The Kār-Nāmag ī Ardašīr ī Pāpakān ("Book of the Deeds of Ardeshir, Son of Papak") (New ), is a short Middle Persian prose tale written in the Sassanid period (226-651).  The story narrates the story of Ardashir I, the founder of the Sassanid dynasty.  His own life story—his rise to the throne, battle against the Parthian king Ardawān (or Artabanus), and conquest of the empire by the scion of the House of Sāsān, as well as episodes concerning his heir Šābuhr and the latter’s son, Ohrmazd.

After Ardashir was born, son of Pabag's daughter and Sāsān, he spent his childhood in the court of Artabanus IV of Parthia and then ran away with a maidservant of the King. After several wars with Artabanus, Ardashir I defeated and killed the king, and thus could found the new empire. The Karnamag is permeated with Zoroastrian doctrine.

Manuscripts

The sole independent manuscript of this text to have been identified so far is codex MK, which was copied in 1322 in Gujarat by Mihrābān ī Kay-Husraw, a gifted copyist belonging to a well known family of scribes.  The book narrates the epic adventures of Ardashir I, the founder of the Sassanid Empire.
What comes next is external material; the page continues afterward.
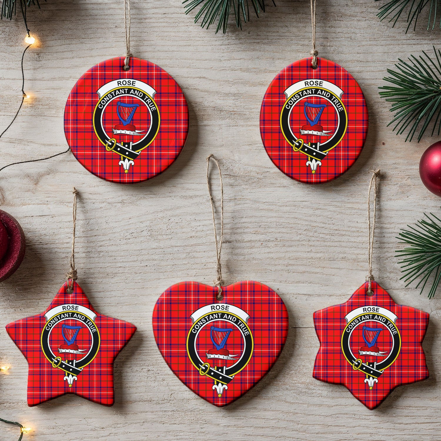 Rose Modern Tartan Crest Christmas Ceramic Ornament
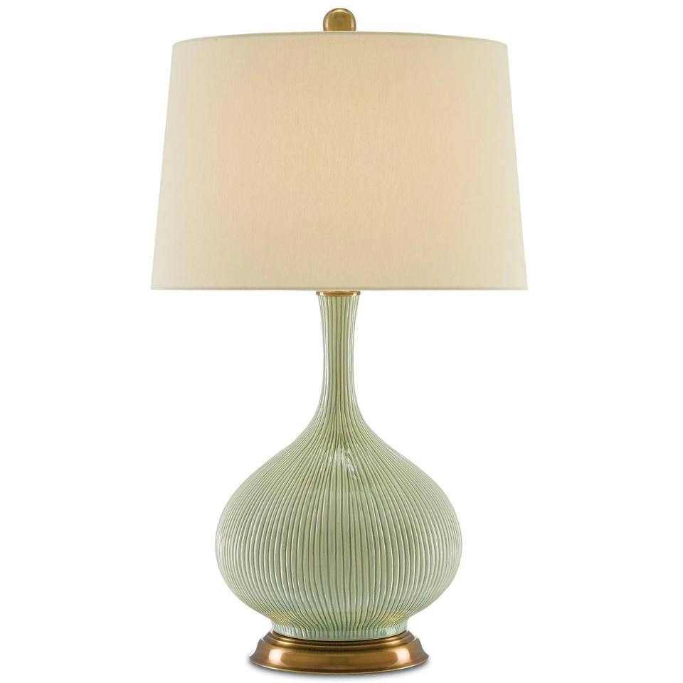 Sage Green Ribbed Ceramic & Brass Base Modern Classic Table Lamp | Timeless Sophisticated Lighting for Hotel Bedroom & Office

The story relates how Ardashir's father Papak, dreamed that his father Sassan would be reborn as Ardashir.  According to the story, Ardashir I was the natural son of Sassan.  A rescension of the same story is found in the Shahnama.  However, the contents of the text draw from more ancient Iranian lore, since some traits of Ardashir’s life as narrated in this work reflect themes known from the legend of Cyrus the Great.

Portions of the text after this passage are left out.